Indemnity up for injured workers in California: Report
- July 7, 2025
- Posted by: Web workers
- Category: Workers Comp
Average income-replacement payments for injured workers in California increased 8.9% from 2012 to 2016 and soared up 17.3% from 2016 to 2020 before leveling off in 2021, according to research published Wednesday by the California Workers’ Compensation Institute on trends in average benefit payments.
CWCI reports that average medical payments started declining two years before cost-reducing S.B. 863 was adopted in 2012 and continued through 2016, a post-reform legislation trend that coincided “with the adoption of enhanced medical dispute resolution tools such as (utilization review) and (independent medical review), the beginning of the transition to the (Resource-Based Relative Value Scale) fee schedule, and a decline in spinal surgeries and opioid use.”
Average medical payments bottomed out in 2016, increased by 16.2% over the next four years then leveled off in 2021.

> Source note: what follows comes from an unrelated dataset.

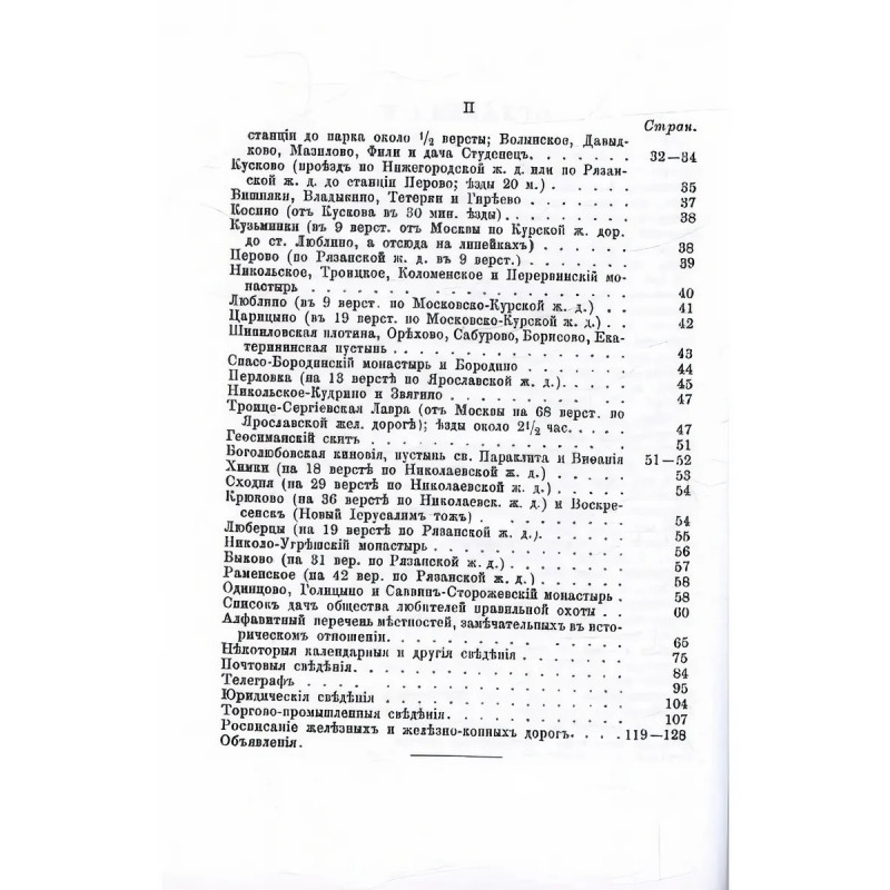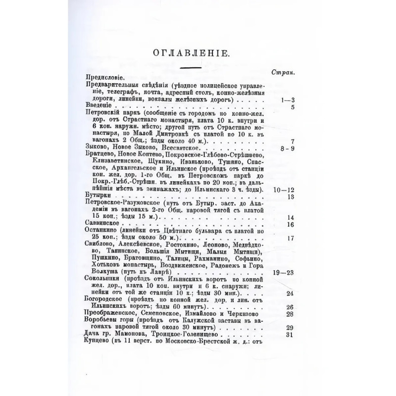 Фейгин Л. А. Спутник дачника по окрестностям Москвы, замечательным по условиям дачной жизни и в историческом отношении. С прил. необходимых календар., юридич. и др. сведений, расписания жел. и конно-жел. дорог и проч. (с картой)Репринт с издания. Москва, 1888. Отдельная карта окрестностей Москвы. С прил. необходимых календар., юридич. и др. сведений, расписания жел. и конно-жел. дорог и проч. (с картой). Эта книга - путеводитель для желающих снять дом, крестьянскую избу или комнату на летний сезон. Леонид Александрович Фейгин (литератор по профессии) собрал сведения о всех дачных местах Подмосковья. Лучшие - с удобными дорогами, купальнями, лавками, ресторанами, с летними театрами, танцевальными павильонами (телефоннами): Перловка, Царицыно, Люберцы, Пушкино. Путеводитель рекомендует их обеспеченным любителям загородного отдыха. Экономным автор советует Зыкова, Свиблово, Щукина и т. д. Описаны достопримечательности, стоимость проезда (поездом, линейкой, извозчиком), расписание конно-железных дорог, почты, тарифы телеграфа и т. д. Тираж 30 экз.

On Indemnity, the increases “were not unexpected, given that weekly maximum (temporary disability) rates rose more than 34% between 2012 and 2021 to reflect changes in the state average weekly wage, fueled in part by the passage of (state law) in 2016, which increased the state’s hourly minimum wage from $10 in 2016 to $15 in 2022, and S.B. 863 (which) mandated increases in (permanent disability) benefits,” CWCI said.
CWCI also reported some variation in trends among different industries.
Average indemnity payments for the transportation and warehousing industry increased 2.8% from 2012 to 2016 and 25.5% from 2016 to 2020, then fell 12.1% from 2020 to 2021. Average indemnity for health care and social assistance increased 7.3% from 2012 to 2016, 8% from 2016 to 2020 and another 10.9% from 2020 to 2021.